The CL-AFF Shared Task[1] is part of the Affective Content Analysis workshop at AAAI 2020. It builds upon the OffMyChest dataset[2], which contains 12,860 samples of training data and 5,000 samples of testing data. Each sample is a multi-modal input containing both text and tabular data. The text input is an English sentence from Reddit. The tabular data is the corresponding log information for each sentence, like wordcount, created utc time and etc. And each sample has six sets of binary classification labels, EmotionDisclosure?(YesNo), InformationDisclosure?(YesNo), Support?(YesNo), EmmotionSupport?(YesNo), InformationSupport?(YesNo), GeneralSupport?(YesNo). In this paper, we will apply Super Characters on this data set to classify the muti-modal input.
2 Super Characters for Multi-modal Sentiment Analysis and Low-Power Hardware Solution
For multi-modal sentiment analysis, we can simply split the image into two parts. One for the text input, and the other for the tabular data. Such that both can be embedded into the Super Characters image. The CNN accelerator chip comes together with a Model Development Kit (MDK) for CNN model training, which feeds the two-dimensional Super Characters images into MDK and then obtain the fixed point model.
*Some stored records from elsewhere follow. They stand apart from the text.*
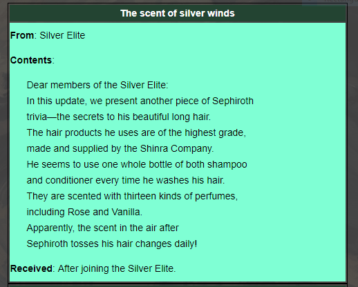 What's hilariously interesting is that in Crisis Core he has Paparazzi over him and has a fan club dedicated to his life style or something if I remember. A fan club girl member in Crisis Core found out that Sephiroth uses a whole bottle of shampoo. How they found out? no idea. There's three fan clubs that Zack can join in. Sephiroth, Angeal, and Genesis. Genesis actually has two fan clubs but he's the least most popular for obvious reasons. (Their reason for Genesis is that he can be an asshole towards people approaching him even from his fan clubs, my reason is that he's incredibly bipolar and incredibly lame.) He's there for the edgelords and emos put together but that's just me being generous on description.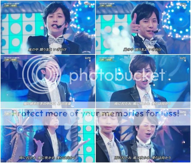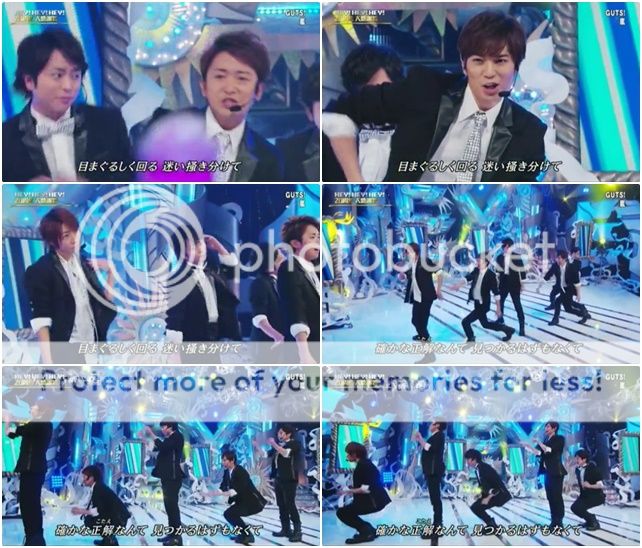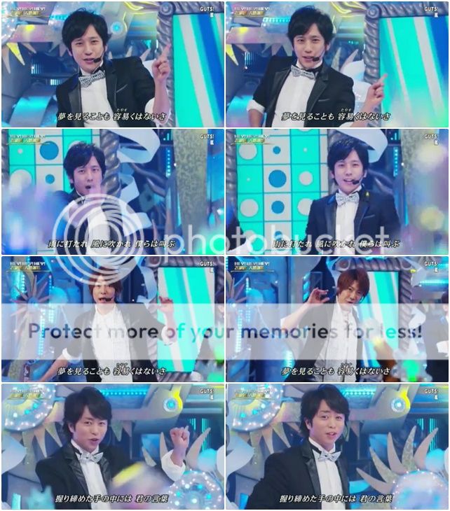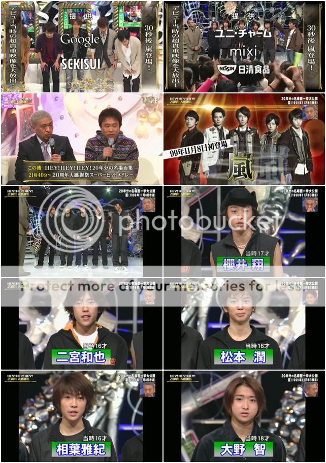 話說回顧畫面是在1999年之前的,都還沒有嵐這個團體,當時應該就還是Jr吧五人,或是根本還沒入社(比如末子和雅紀),就只有利達應該當時已經入社了。潤很自豪的表示自己有買那時候發售HEY3的CD。兩位MC還自己吐槽說當時存貨還有很多。哈哈哈哈!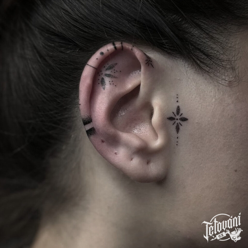 Tetování znaky a symboly, ornamenty, tři tečky na uchu

Then, using the Software Development Kit (SDK) to load the model into the chip and send command to the CNN accelerator chip, such as to read an image, or to forward pass the image through the network to get the inference result. The advantage of using the CNN accelerator is low-power, it consumes only 300mw for an input of size 3x224x224 RGB image at the speed of 140fps. Compared with other models using GPU or FPGA, this solution implement the heavy-lifting DNN computations in the CNN accelerator chip, and the host computer is only responsible for memory read/write to generate the designed Super Character image. This has shown good result on system implementations for NLP applications [10].
3 Experiments
3.1 Data Exploration
The training data set has 12,860 samples with 16 columns. The first ten columns are attributes, including sentenceid, author, nchar, created_utc, score, subreddit, label, full_text, wordcount, and id. And the other six columns are labels for each of the tasks of Emotion_disclosure, Information_disclosure, Support, Emmotion_support, Information_support, and General_support. Each task is a binary classification problem based on the ten attributes. So there will be 60 models to be trained for a 10-fold validation. The test data set has 5000 samples with only the ten columns of attributes. The system run will give labels on these test samples based on the 10-fold training.
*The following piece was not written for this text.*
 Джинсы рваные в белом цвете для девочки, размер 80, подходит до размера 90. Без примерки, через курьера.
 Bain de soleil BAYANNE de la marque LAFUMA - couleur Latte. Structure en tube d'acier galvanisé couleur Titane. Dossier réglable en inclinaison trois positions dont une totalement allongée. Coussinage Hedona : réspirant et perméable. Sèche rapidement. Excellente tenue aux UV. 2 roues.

For the training data, unique ids are 3634 compared to the whole training 12,860. While for the testing data, this number is only 2443 compared to the whole testing dataset 5000, meaning some of the records may come from the same discussion thread. And the unique authors are 7556 for training, and 3769 for testing, which means some of the authors are active that they may published more than one comments.
Based on this, we have considered to include author names in the multi-modal model as well, since a comment may be biased by the personality of its author. The maximum length of an author’s name is 20 charactors, if SEW [6] is to be used to project the names onto a two-dimensional embedding. On the other hand, the nchar which indicates the number of characters for the full_text has a maximum value of 9993, and the maximum wordcount is 481. The column “label” has 37 unique values, which are different combinations of strings like “husband”, “wife”, “boyfriend”, “girlfriend”, and their abbreviations like “bf”,“gf”. The column “subreddit” is a categorical attribute with values in (“offmychest”, “CasualConversation”). After converting the Unix time in the column of “created_utc”, we found that the records are generated from 2017 to 2018. The column score has integers ranging from -44 to 1838 with 251 unique values.
3.2 Design SuperCharacters Image
The sentence length distribution is given in Figure 1. The layout design for the full_text will be based on this. Since we present the English words using SEW [6] method, the size of each English word on the SuperCharacters image should better be calculated by (224/N)*(224/N) if the whole image is set to 224x224. Here N is an integer. The dimension is set to 224x224 because of the chip specification.





3.2.1 Design Option One
In this design setting, we only include the full_text information and ignore the other attributes. If N=7, it means each row has 7 words, and each word has (224/7)*(224/7)=32*32 pixels. In this setting we can hold up to 49 words in full_text. For the records with words more than 49, the full_text will ignore the words from the 49th. In this case, only 0.86% of the training data and 1.98% of the testing data will have to cut the sentence at 49 words. An example of this design setting is in Figure 2a.
3.2.2 Design Option Two
If N=8, it means each row has 8 words, and each word has (224/8)*(224/8)=28*28 pixels. And if we set the cutlength=40, it means that we will have 5 rows for the full_text, and the other 3 rows will not be used for text, but all the space of the 224*(3*28) square pixels will be used for the tabular data given in the attributes other than full_text”. For the records with words more than 40, the full_text will ignore the words from the 40th. In this case, only 2.03% of the training data and 4.14% of the testing data will have to cut the sentence at 40 words. We have the option to use the bottom part of the image to embed the other attributes. The id and sentenceid should be unrelated to the prediction, so these two attributes are not included. One example having the full_text, author, wordcount, created_utc, subreddit, score, nchar, and label is given in Figure 2b.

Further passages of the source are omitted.